» WHAT THE TASK REQUIRES
Through the line with "本紙特典としてフカヒレ、エビ" and starting from the first line, return the records below word for word, with pictures left out.
───
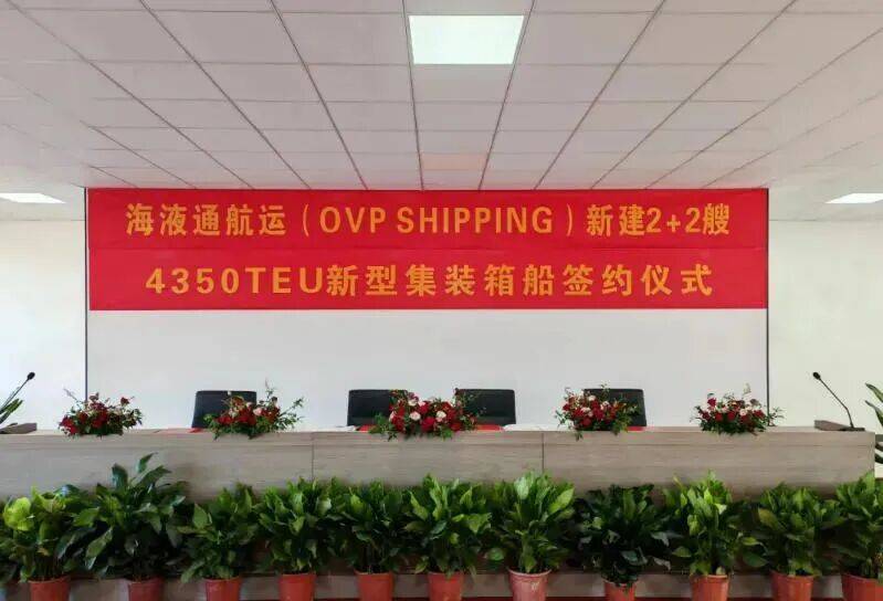几乎同时,海液通航运(OVP Shipping)也在台州建兴重工隆重签约,订造2+2艘4,350TEU绿色智能船。与传统设计不同,这批新船采用混合动力系统,并预留氨燃料改装空间,单箱碳排放可降低25%,预计2027–2028年交付后,将专项部署在中国至中东、北非及红海航线。(2家新的中国船东,出现了!)
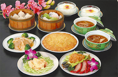 本紙特典としてフカヒレ、エビチリなど豪華な梅コース5250円=写真下=が、注文時に「タウンニュース見た」で、3500円に!(又はドリンク1杯サービス)。
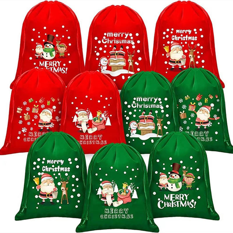 6Pcs/Lot Christmas Gift Bag 51*41cm*3Pcs+ 41*32cm*3Pcs Snowflake Stocking Cotton&Linen Green Tree Drawstring Bag Printed Socks
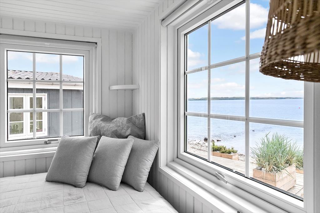 Tænk at vågne op til bølgeskvulp og havfugles kvidren! Her får du to skønne strandhuse, forbundet af en dejlig træterrasse og beliggende direkte ud til stranden – nogle dage kan du endda træde direkte fra terrassen ned i vandet. Huset er indrettet med ægte bohemestrandhusstemning og masser af hygge, og fra alle rum kan I nyde den smukke udsigt over stranden. Det ene hus har et åbent opholdsrum med stue, spisekrog og køkken i ét, en brændeovn og varmepumpe, soveværelse med dobbeltseng samt et badeværelse med bruser. Det andet hus tilbyder hele to soveværelser med dobbeltsenge, et rummeligt fællesrum og badeværelse med bruser – perfekt til både familier og vennepar.
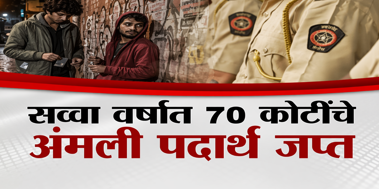 गेल्या सव्वा वर्षातील पोलिसांच्या कारवाईकडे पाहिल्यास परिस्थिती किती भीषण आहे हे स्पष्ट होते. या काळात तब्बल 924 जणांना अटक करण्यात आली असून हजारो किलो गांजा आणि अफू जप्त करण्यात आले आहे. एमडी ड्रग्जसारख्या घातक पदार्थांचाही साठा पोलिसांच्या हाती लागला असून एकूण मुद्देमालाची किंमत सुमारे 68 कोटी रुपयांपर्यंत पोहोचली आहे. ही आकडेवारी केवळ गुन्हेगारीचे प्रमाणच नव्हे तर तरुणांमध्ये वाढणाऱ्या व्यसनाधीनतेचेही गंभीर चित्र उभे करते.
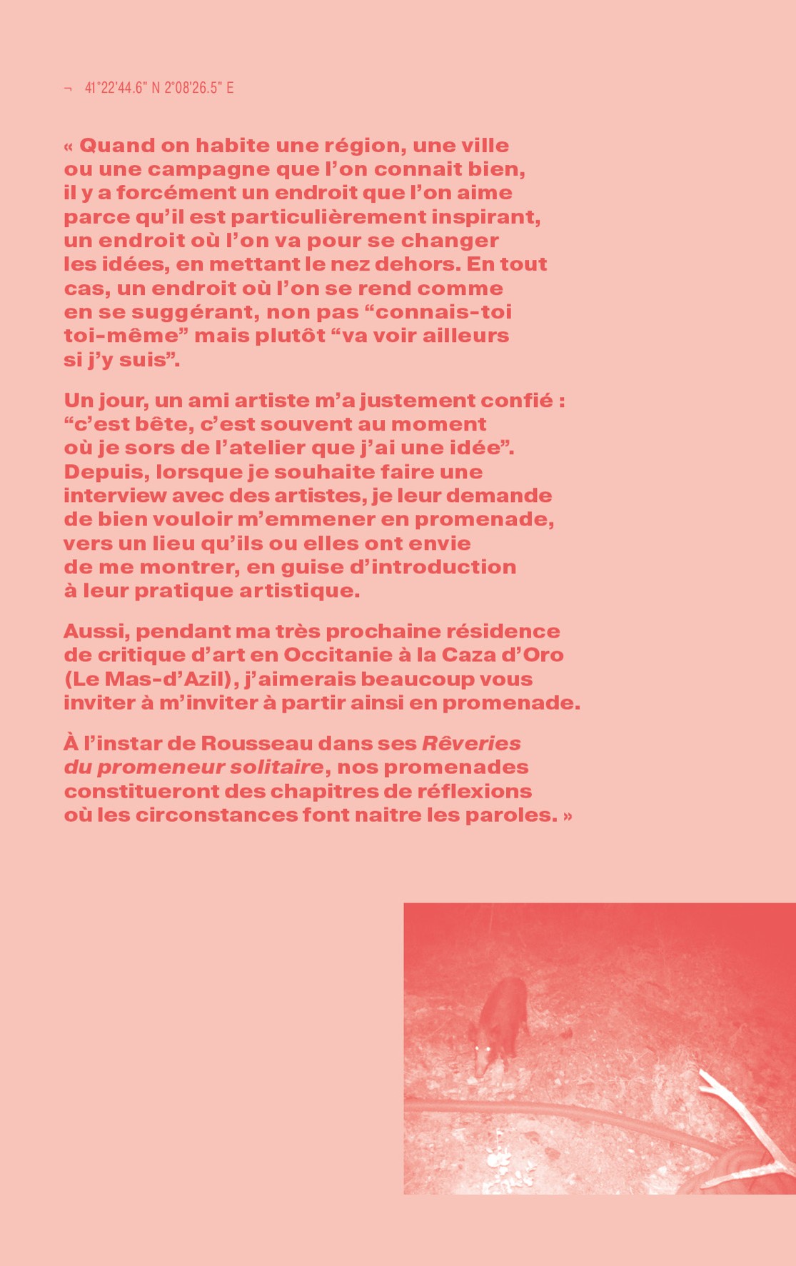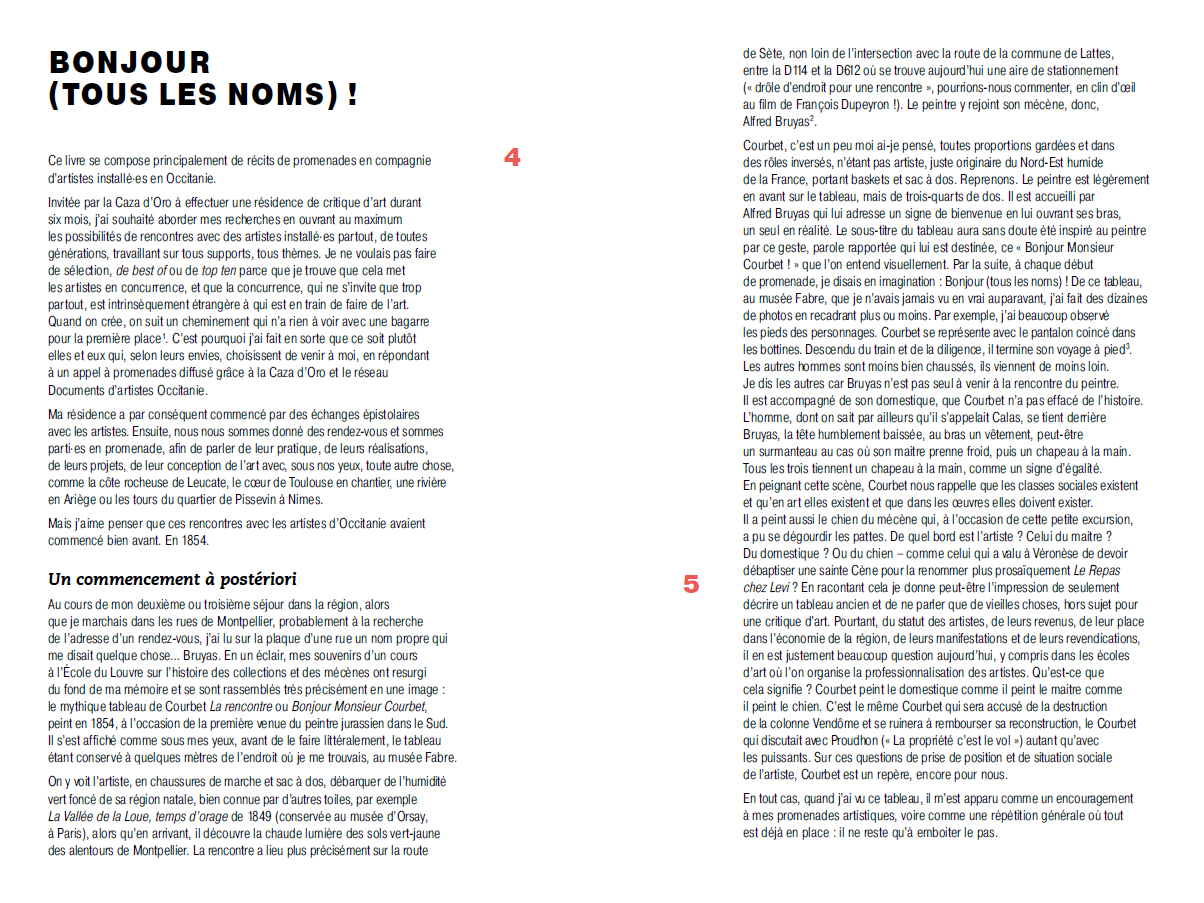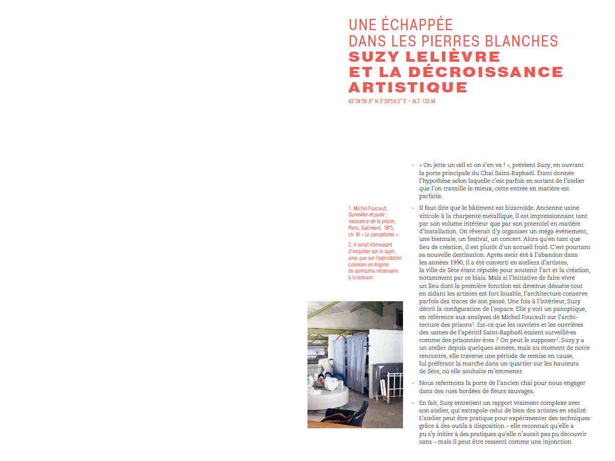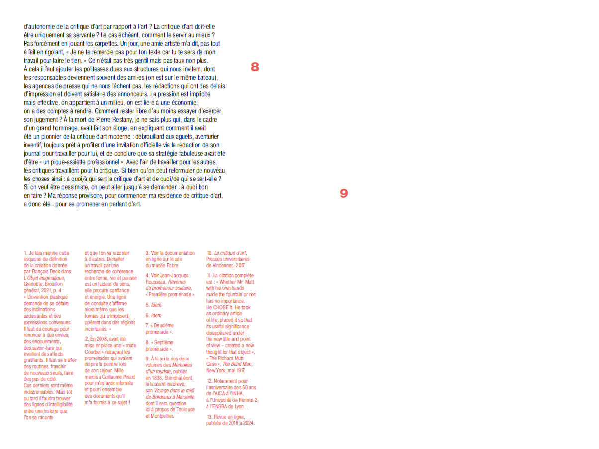 Tel est ce que j'ai souhaité provoquer en proposant à des artistes de se promener : sortir de l'atelier pour sortir du discours convenu entre artiste et critique, qui est un discours de valorisation plutôt que de réflexion. A] minima, il s'agissait de créer des situations dans lesquelles parler d'art autrement, ce qui était d'autant plus possible que nous n'avions pas les contraintes habituelles des publications – formats, délais courts, style...
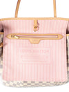 Like NewGuaranteed Authentic Louis Vuitton Damier Azur Bag or 100% of your money back. This bag is in damier azur monogram. It features a removable Louis Vuitton pouch, gold hardware, one interior zip pocket, two leather top straps, pink stripped interior, and a hook clasp closure.
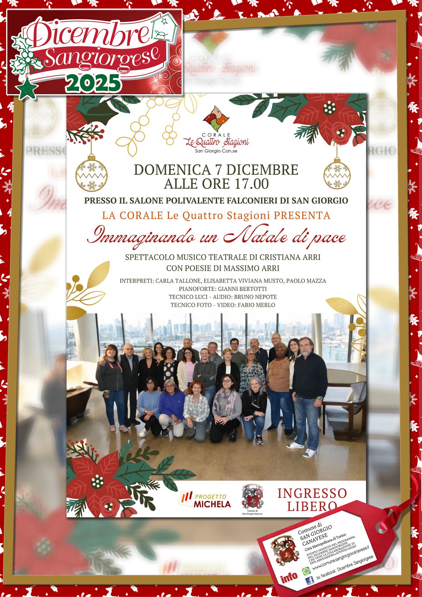 Domenica 07 dicembre alle ore 17:00, La Corale LE QUATTRO STAGIONI è lieta di presentare lo spettacolo teatrale "Immaginando un Natale di Pace" presso il Salone Falconieri di San Giorgio Canavese.
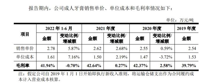 登康口腔旗下拥有冷酸灵等品牌,其招股书显示,2019年至2021年,公司成人牙膏的单位成本分别为1.53元、1.47元以及1.50元。
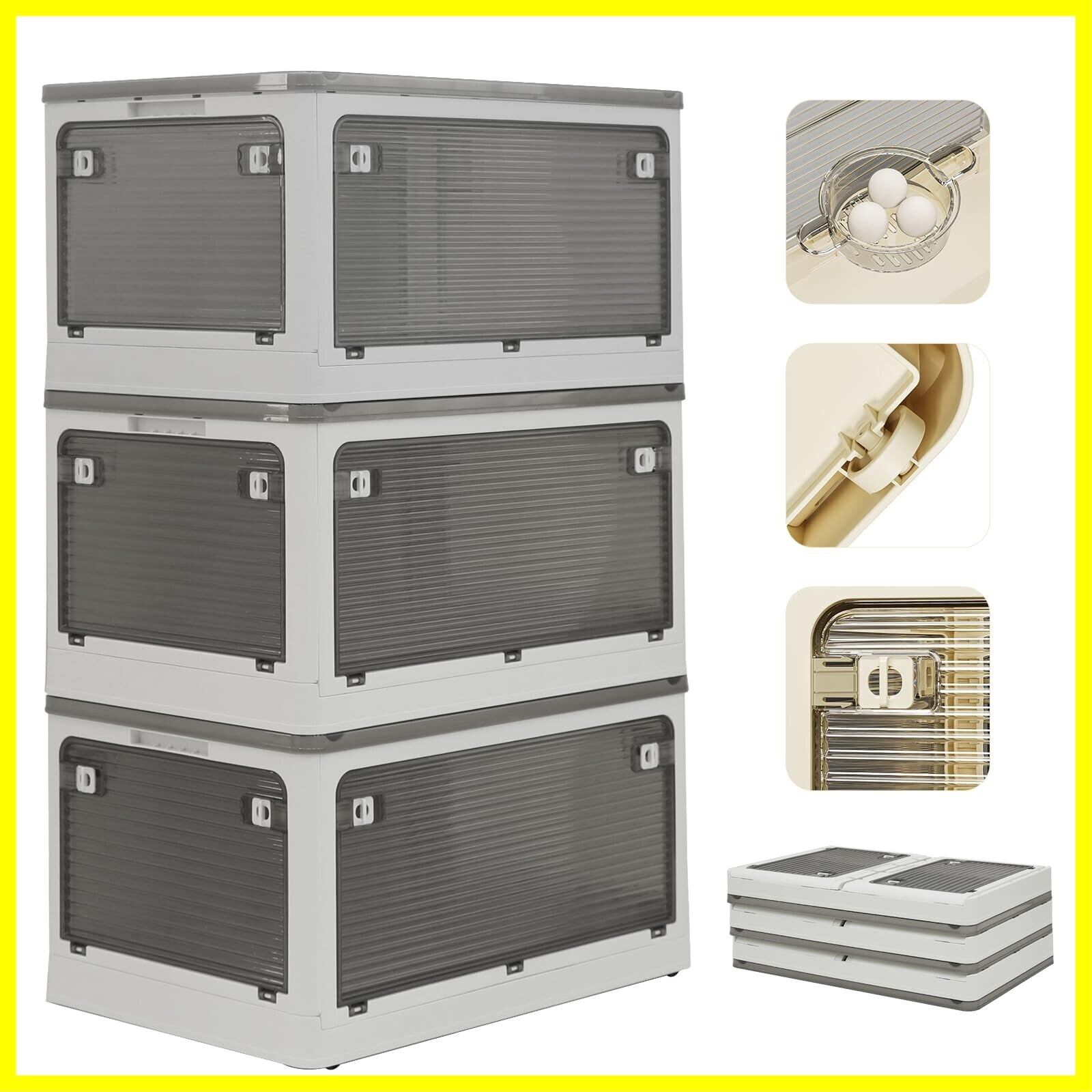 Freely 多機能折りたたみ収納ボックス 積み重ね可能 蓋付き 大容量 キャスター付き 防塵防湿防虫 ABS樹脂 家庭用/車載/アウトドア対応 5面開閉式 簡単組み立て 衣類・布団・本・食品収納 M(48×36×28.5)cm,49L
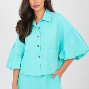 Stylowa damska kurtka jeansowa w casualowym wydaniu, idealna na wiosnę i lato. Wykonana z wysokiej jakości bawełny, zapewnia komfort noszenia na co dzień. Krótki fason pięknie podkreśla sylwetkę, a dół oraz rękawy wykończone modnym wystrzępieniem dodają całości lekkości i charakteru. Model zapinany jest na guziki, z przodu posiada praktyczne naszyte kieszenie. Rękawy 3/4 z falbaną wprowadzają subtelny, kobiecy akcent, który świetnie przełamuje klasyczny jeansowy styl. Kurtka jest bez ocieplenia, dzięki czemu doskonale sprawdzi się w cieplejsze dni. To uniwersalna propozycja do codziennych stylizacji, idealna zarówno do sukienek, jak i jeansów czy spódnic.
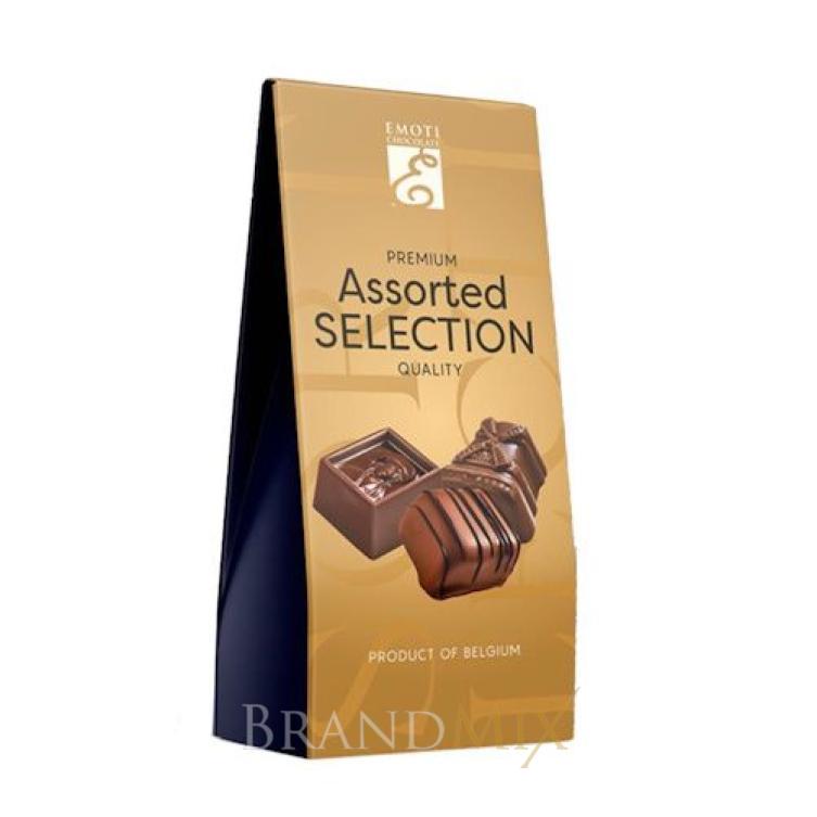 Prémium Belga tej- és étcsokoládé marcipán és mogyoró töltelékkel. Papírdobozban.
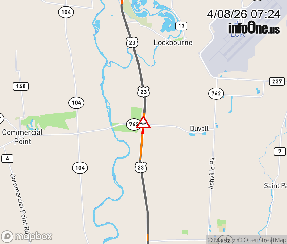 All lanes are closed on US-23 North at SR-762, due to a crash. Updated: Wed 4/8/26 7:24 AM EDT ![]() Updated: Wed 4/8/26 7:24 AM EDT |
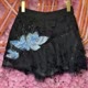 - OTT獨一無二•Unique日系重工刺繡通花蕾絲絨繡牛仔腳短裙
───
» SOLUTION FOR THIS PROBLEM
几乎同时,海液通航运(OVP Shipping)也在台州建兴重工隆重签约,订造2+2艘4,350TEU绿色智能船。与传统设计不同,这批新船采用混合动力系统,并预留氨燃料改装空间,单箱碳排放可降低25%,预计2027–2028年交付后,将专项部署在中国至中东、北非及红海航线。(2家新的中国船东,出现了!)
 本紙特典としてフカヒレ、エビチリなど豪華な梅コース5250円=写真下=が、注文時に「タウンニュース見た」で、3500円に!(又はドリンク1杯サービス)。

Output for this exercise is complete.